Neck pain ranks among the most prevalent musculoskeletal ailments, following closely behind back pain.¹ Many people seek help for this condition at least once in their lifetime. Individuals experiencing chronic neck pain frequently demonstrate changes in posture, particularly when engaged in activities involving extended periods of sitting, such as computer-based tasks, office paperwork, or industrial responsibilities. The continuous presence of neck pain can induce biomechanical shifts in the cervical spine.² Research judgments indicate that about 60% of individuals with neck pain demonstrate forward neck posture (FNP). This altered posture affects various structures including bones, ligaments, joint capsules, and muscles, consequently influencing scapular kinematics and kinetics.³ Research indicates that FNP leads to the shortening of posterior neck extensor muscles, tightening of anterior neck and shoulder muscles, and impacts scapular position and kinematics.⁴ Impairment in the mobility of upper extremity muscles originating from the thorax (such as the Pectoralis major and minor, Latissimus dorsi, and Serratus anterior), as well as muscles of the head and cervical spine linked to the scapula and upper thorax (including Levator scapulae, Sternocleidomastoid, Scalene, and upper Trapezius (UT)), can contribute to forward neck posture. It is well established that the serratus anterior and UT muscles serve as primary stabilizers of the scapula, regulating force to control scapular motion during functional activities.

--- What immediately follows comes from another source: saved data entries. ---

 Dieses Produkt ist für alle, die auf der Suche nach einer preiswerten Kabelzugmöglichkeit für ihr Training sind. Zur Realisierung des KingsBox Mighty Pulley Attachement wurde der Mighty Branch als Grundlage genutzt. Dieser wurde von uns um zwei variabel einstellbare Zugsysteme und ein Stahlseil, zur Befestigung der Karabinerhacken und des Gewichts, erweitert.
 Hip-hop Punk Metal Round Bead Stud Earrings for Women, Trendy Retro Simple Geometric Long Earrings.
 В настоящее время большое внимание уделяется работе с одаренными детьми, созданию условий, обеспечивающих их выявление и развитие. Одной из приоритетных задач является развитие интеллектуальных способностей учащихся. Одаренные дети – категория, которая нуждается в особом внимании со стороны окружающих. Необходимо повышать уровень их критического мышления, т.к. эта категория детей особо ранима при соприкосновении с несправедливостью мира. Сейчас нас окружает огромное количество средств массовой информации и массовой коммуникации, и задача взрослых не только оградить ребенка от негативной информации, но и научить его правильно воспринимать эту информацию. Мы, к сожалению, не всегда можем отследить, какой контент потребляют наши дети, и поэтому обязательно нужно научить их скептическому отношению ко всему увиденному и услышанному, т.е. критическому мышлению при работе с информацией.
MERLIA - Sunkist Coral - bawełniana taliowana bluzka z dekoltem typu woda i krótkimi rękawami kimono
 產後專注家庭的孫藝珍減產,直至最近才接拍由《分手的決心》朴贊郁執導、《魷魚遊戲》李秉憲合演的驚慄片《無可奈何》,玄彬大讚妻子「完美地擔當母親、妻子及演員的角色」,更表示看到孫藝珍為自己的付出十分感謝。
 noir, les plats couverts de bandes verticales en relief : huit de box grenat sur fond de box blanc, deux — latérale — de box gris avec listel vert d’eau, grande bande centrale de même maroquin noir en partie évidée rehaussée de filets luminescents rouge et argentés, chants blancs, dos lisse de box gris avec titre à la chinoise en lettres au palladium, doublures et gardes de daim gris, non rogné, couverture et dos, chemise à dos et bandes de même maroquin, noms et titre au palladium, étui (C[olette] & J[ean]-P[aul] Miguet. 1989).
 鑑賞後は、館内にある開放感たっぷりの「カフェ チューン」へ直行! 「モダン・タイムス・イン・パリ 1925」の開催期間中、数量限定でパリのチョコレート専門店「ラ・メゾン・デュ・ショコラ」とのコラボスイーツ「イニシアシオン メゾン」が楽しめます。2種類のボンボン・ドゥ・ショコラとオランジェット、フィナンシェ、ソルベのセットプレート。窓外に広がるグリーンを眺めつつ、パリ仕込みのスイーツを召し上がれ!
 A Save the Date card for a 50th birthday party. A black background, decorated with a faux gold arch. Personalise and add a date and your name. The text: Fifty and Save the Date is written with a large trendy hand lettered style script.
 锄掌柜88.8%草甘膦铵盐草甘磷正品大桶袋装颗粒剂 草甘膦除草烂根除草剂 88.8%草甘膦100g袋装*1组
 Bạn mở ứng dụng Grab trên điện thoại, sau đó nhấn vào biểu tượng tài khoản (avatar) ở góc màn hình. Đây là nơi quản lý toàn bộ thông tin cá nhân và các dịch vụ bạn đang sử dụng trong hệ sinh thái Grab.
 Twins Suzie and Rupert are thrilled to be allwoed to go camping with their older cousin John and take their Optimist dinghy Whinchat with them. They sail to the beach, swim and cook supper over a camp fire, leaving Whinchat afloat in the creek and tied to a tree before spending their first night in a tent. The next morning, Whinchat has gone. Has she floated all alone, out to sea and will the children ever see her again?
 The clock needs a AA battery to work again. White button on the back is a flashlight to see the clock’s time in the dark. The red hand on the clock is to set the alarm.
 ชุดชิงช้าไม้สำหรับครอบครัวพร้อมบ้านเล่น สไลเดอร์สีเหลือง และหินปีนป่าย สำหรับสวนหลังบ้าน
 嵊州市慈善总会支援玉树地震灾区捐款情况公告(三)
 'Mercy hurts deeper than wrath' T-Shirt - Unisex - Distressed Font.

The increased prevalence of forward neck posture among children and adolescents is closely linked to excessive usage of mobile phones and laptops. Research indicates that FNP alters the biomechanical stress on the cervical spine, contributing to various musculoskeletal disorders including cervical pain, headaches, temporomandibular disorders, and muscular dysfunctions. A smaller cranial-vertebral angle (CVA), indicative of greater FNP, is associated with CVA measurement less than 50 degrees, defining FNP.⁵ Studies have recorded high prevalence rates of forward neck posture (FNP) across different demographics. For instance, in one study, researchers reported an FNP prevalence of 86.5%, with a notable association between gender and FNP.⁶ Additionally, among heroin users, 36.7% exhibited moderate FNP, while 20% had severe FNP.⁷ In children and teenagers, the prevalence of FNP was reported at 53.5%, showing some correlation with neck pain.⁸ University students exhibited a prevalence of approximately 63.96% for FNP, while among the physiotherapy population, the prevalence was recorded at 70%.^9,10 Furthermore, studies have observed a 66% prevalence of FNP among individuals aged 25-30, with a higher prevalence noted in women compared to men.¹¹ These findings underscore the significant impact of FNP across various age groups and populations, emphasizing the importance of proactive measures to address and manage this condition.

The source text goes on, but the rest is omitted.